The smooth, nicely finished, laminated wood grips supplied on the Redhawk appear ordinary in photographs. However, they are well shaped, hand filling and very broad across the back to spread the effect of recoil in your hand. You can tell when you first pick it up that the Redhawk will be comfortable to shoot, and it was. Our only complaint is that the wood to metal fit is poor, particularly at the lower backstrap and bottom of the grip. There is really no excuse for this oversight on an otherwise nice revolver.

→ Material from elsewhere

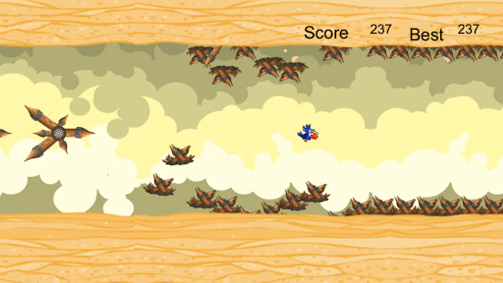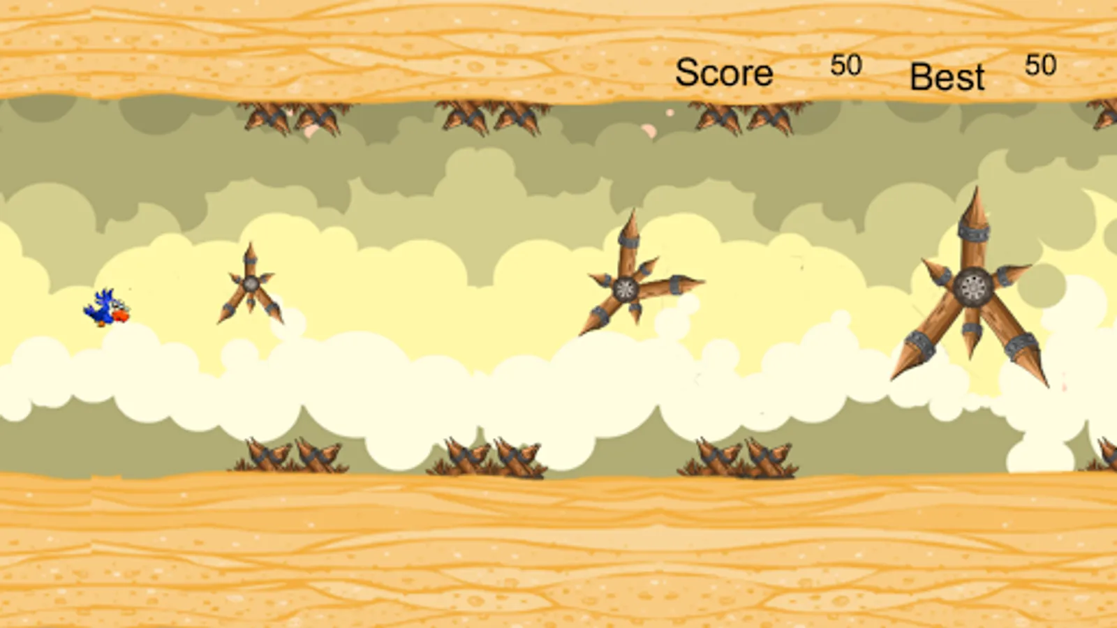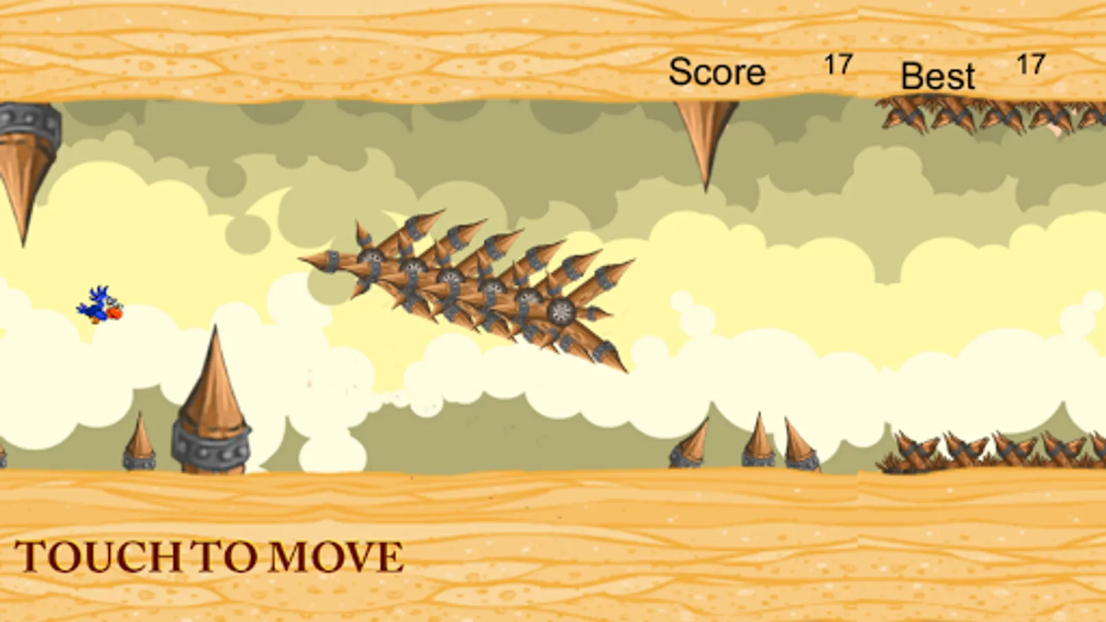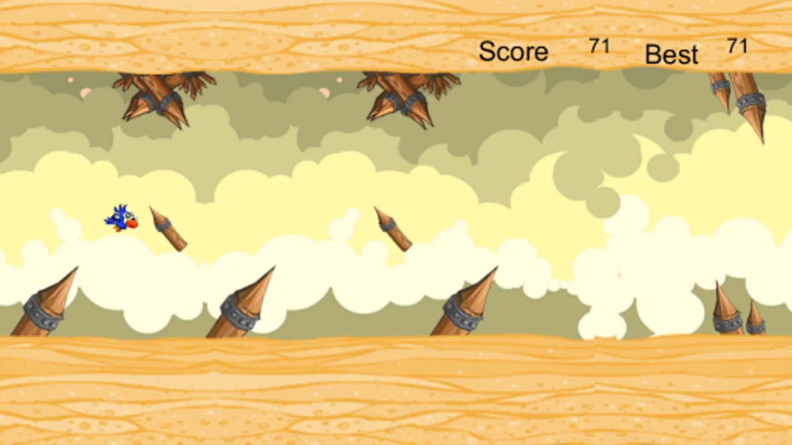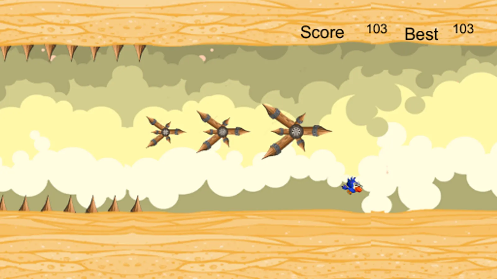 Help Dodgey the Bird cross the dangerous and spikey wooden world by dodging ridiculous and unpredictable obstacles.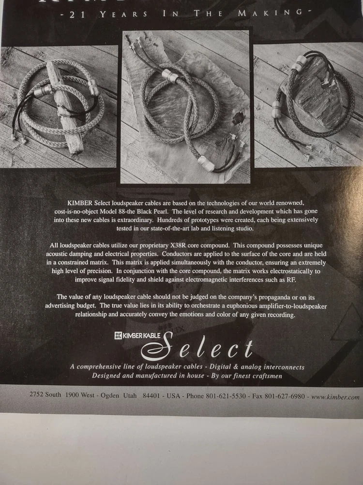 Kimber Kable Select 21 Years in the Making Loudspeaker Cables Vintage Print Ad Vintage ads are nostalgic ephemera items that serve a variety of purposes, such as: Framed art Nostalgic gifts that remind us of special times, places, or items in the past Scrapbook, junk journal, and art journal materials Vision board inspiration Collectable items that can easily be stored in sheet-protected binders! Shipped with care, bagged and boarded. Be sure to see our many others and more to come in our store at Dream of the Past. https://www.ebay.com/str/dreamofthepast We are a trusted seller, check our feedback on our sister eBay store Robin's General Store, where we have been selling since 2009. Discounts on purchases of multiples with greatly reduced shipping cost.

Guns and Shooting Online staff members Chuck Hawks, Gordon Landers, Rocky Hays and Jim Fleck participated in shooting the Redhawk. We did our shooting at the Izaak Walton outdoor range south of Eugene, Oregon. All groups for record were five shots from a bench rest over a Pistol Perch at 25 yards. The weather was partly cloudy with a high temperature of about 75-degrees F.
Our factory loaded .44 Magnum test ammunition included 100 rounds each of the Remington/UMC 180 grain JSP (MV 1610 fps), Hornady Custom 240 grain and 300 grain XTP (MV's 1350 fps and 1150 fps respectively), Federal Premium Vital-Shok 280 grain A-Frame and 300 grain CastCore (MV's 1170 fps and 1160 fps respectively). We want to thank the American ammo companies for their participation in this review. They are the behind the scene heroes, although seldom mentioned, of most shooting tests, not only by Guns and Shooting Online, but also the print magazines. Without ammunition there would be no gun reviews and no private firearms ownership in the U.S.
We also tested two .44 Mag mid-range reloads in the Redhawk. The first reload used 10.5 grains of HS6 powder and a 200 grain Speer JHP bullet for a chronographed velocity of 1009 fps, while the second used 11.0 grains of HS6 and a 180 grain Sierra JHC bullet at 1050 fps. Here are our shooting results:
As you can see, the Redhawk is a good performer. Its natural purpose is hunting big game and it is a good choice for the job. This time out Jim shot the smallest group during our testing.
The Redhawk is a relatively easy .44 Magnum revolver to shoot. Its substantial weight and wide grips do a good job of reducing the subjective effect of recoil. It is especially controllable compared to the exceptionally hard kicking S&W 629. We agreed that it also kicks somewhat less than a 7.5" Ruger Super Blackhawk. Gordon suggested that grips with a filler behind the trigger guard would be useful, as the recoil from the heavy bullet factory loads rapped the knuckle of the middle finger of his shooting hand against the trigger guard.
However, any .44 Magnum kicks hard with full power factory loads. In this day and age of .454 Casull, .480 Ruger, .475 Linebaugh, .460 S&W and .500 S&W revolvers it is easy to forget that full power .44 Magnum loads are beyond the skill level of most shooters, especially inexperienced handgunners. The heavy 280 and 300 grain factory loads are particularly punishing to shoot. These full power hunting loads are a good choice for protection in the field, but only if you can control them. Chuck, for example, admits that 240 grain factory loads are his personal limit for use in the field in both the Redhawk and Super Blackhawk revolvers.
The cylinder rotates counter-clockwise (out of the frame), unlike most Ruger revolvers and all Remington and Colt revolvers. This is the only drawback we found in the Redhawk design and it is not a big deal, particularly with a triple lock cylinder. The cylinder locks-up tight when the action is cocked. The big revolver functioned perfectly and we found its "push-in" cylinder latch easy to use.
A good selection of belt and shoulder holsters are available for the Ruger Redhawk. Our field holster is Uncle Mike's size 4 nylon belt holster. Other common after market accessories include rubber grips, scope mounts and optical sights.
We know of no better .44 Magnum DA revolver than the made in USA Ruger Redhawk. If you are thinking about a .44 Magnum revolver for hunting medium and big game, the 7.5" Redhawk certainly deserves your consideration.